Note the following observation made by Gallager. Consider a sequence of $M$ independent bits $a_i$, for which $\Pr(a_i=1)=p_i$. Then the probability of having an even number of 1’s is:

\[\frac{1}{2}+\frac{1}{2}\prod_{i=1}^M (1-2p_i )\]

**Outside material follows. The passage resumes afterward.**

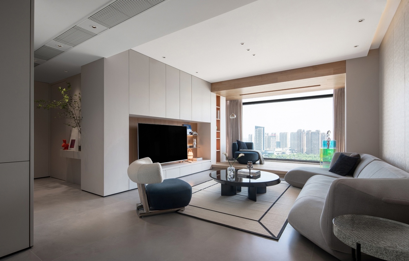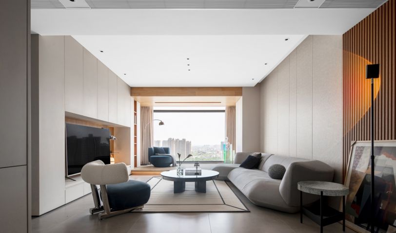 作為家庭的互動空間,我們試圖為客廳創(chuàng)造更多的使用功能。將拓展出去的陽臺做了抬高處理,提供豐富的就坐方式,獲得更多元的交流體驗。而超廣角的落地窗,提供極大的視野與明亮的光線。

which can be found by induction on $M$. Now, for equation $f_j$ over a binary alphabet, to satisfy the parity check requirement, it must contain an even number of 1’s. Thus, by mapping $p_i\to q_{ij}(1)$ and conditioning on $c_i=0$ (so that all other bits must have an even number of 1’s), we get from the definition:

\[r_{ji}(0) = \frac{1}{2}+\frac{1}{2}\prod_ {i'\in V_j/i}(1-2q_{i'j}(1))\]

By normalization:

\[r_{ji}(1) = 1- r_{ji}(0)\]

Channel Models

So far, the derivation was channel-independent. However, the messages depend on $P_i=\Pr(c_i=1\vert y_i )$ which is clearly channel dependent. As an example, we consider three channels:

  • BEC – channel samples are $y_i\in\{0,1,E\}$, for which:
\[\Pr(c_i=b\vert y_i )=\begin{cases} 1 & y_i=b \\ 0 & y_i=b^c \\ 1/2 & y_i=E \end{cases}\]
  • BSC – with error probability $\epsilon$, channel samples are $y_i\in\{0,1\}$, for which:
\[\Pr(c_i=b\vert y_i )=\begin{cases} 1-\epsilon & y_i=b \\ \epsilon & y_i=b^c \end{cases}\]
  • BI-AWGNC (binary input AWGN channel). Channel inputs are $x_i=1-2c_i$, and channel samples are $y_i=x_i+n$, where $n\sim N(0,\sigma^2 )$, for which:
\[\Pr(x_i=x \vert y_i) = [1+\exp(-2yx/\sigma^2)]^{-1}\]

Algorithm

  1. For $n$ bits set $P_i=\Pr(c_i=1\vert y_i )$, then initialize: $q_{ij}(0)=1-P_i$ and $q_{ij}(1)=P_i$, for all $i,j$ for which $h_{ij}=1$.
  2. Update $r_{ji}(b)$ using $q_{ij}(b)$.
  3. Update $q_{ij}(b)$ using $r_{ji}(b)$, and normalize by setting $K_{ij}$.
  4. For all $n$ bits compute the following: $Q_i (1)=K_i P_i \prod_{j\in C_i}r_{ji} (1)$, and $Q_i (0)=K_i (1-P_i ) \prod_{j\in C_i}r_{ji}(1)$. Note that no nodes are omitted here. Set $K_i$ such that $Q_i (1)+Q_i (0)=1$.
  5. For all $n$ bits decode \(\hat{c}_i=\begin{cases}1 & Q_i(1)>Q_i(0)\\0 & \text{else}\end{cases}\)
  6. If $H\hat{c}^T=0$ or exceeded maximal iterations limit, stop, else go to step 2.

Discussion

  • The presented algorithm may be optimized prior to implementation, For instance step 4 may precede step 3, and then step 3 may be replaced with $q_{ij}(b)=K_{ij}Q_i(b)/r_{ji}(b)$.
  • This version is intuitive and has an intuitive interpretation regarding the estimated quantity. However, it involves numerous multiplications, which are computationally expensive. The log-based version allows substituting multiplications by sums.